# What this task involves
Indicate, with the number alone, how many lines in the listing below hold the string "from".

# Record extracts
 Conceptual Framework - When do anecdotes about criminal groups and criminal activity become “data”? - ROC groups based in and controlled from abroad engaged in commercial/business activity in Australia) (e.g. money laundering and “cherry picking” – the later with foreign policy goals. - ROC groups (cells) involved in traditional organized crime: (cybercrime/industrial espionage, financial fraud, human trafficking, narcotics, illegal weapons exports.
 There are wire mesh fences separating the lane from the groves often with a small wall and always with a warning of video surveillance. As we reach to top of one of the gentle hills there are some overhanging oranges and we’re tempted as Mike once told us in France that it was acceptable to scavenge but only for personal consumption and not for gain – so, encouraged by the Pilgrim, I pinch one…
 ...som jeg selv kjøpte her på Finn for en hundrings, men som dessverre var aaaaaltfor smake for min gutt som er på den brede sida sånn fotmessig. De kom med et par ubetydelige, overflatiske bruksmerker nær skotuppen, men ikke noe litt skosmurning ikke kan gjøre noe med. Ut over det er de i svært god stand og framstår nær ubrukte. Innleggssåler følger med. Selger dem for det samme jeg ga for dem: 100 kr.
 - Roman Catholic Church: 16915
--
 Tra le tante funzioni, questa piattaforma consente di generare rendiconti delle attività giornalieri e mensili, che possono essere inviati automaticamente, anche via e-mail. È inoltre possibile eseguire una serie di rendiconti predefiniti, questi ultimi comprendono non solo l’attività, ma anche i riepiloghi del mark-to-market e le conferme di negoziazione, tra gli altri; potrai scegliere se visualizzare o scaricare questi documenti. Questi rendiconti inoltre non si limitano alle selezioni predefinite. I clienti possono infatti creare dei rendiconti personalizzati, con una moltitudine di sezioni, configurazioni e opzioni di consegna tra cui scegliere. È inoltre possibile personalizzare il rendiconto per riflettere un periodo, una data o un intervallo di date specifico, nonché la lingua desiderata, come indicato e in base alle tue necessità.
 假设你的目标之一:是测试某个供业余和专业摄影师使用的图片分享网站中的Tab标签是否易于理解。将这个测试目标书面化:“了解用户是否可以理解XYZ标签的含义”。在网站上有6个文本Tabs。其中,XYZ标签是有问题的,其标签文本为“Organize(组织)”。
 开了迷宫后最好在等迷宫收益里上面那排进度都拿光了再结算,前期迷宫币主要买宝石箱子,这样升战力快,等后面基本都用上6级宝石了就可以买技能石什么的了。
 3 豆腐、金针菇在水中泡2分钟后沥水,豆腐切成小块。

# Answer section
2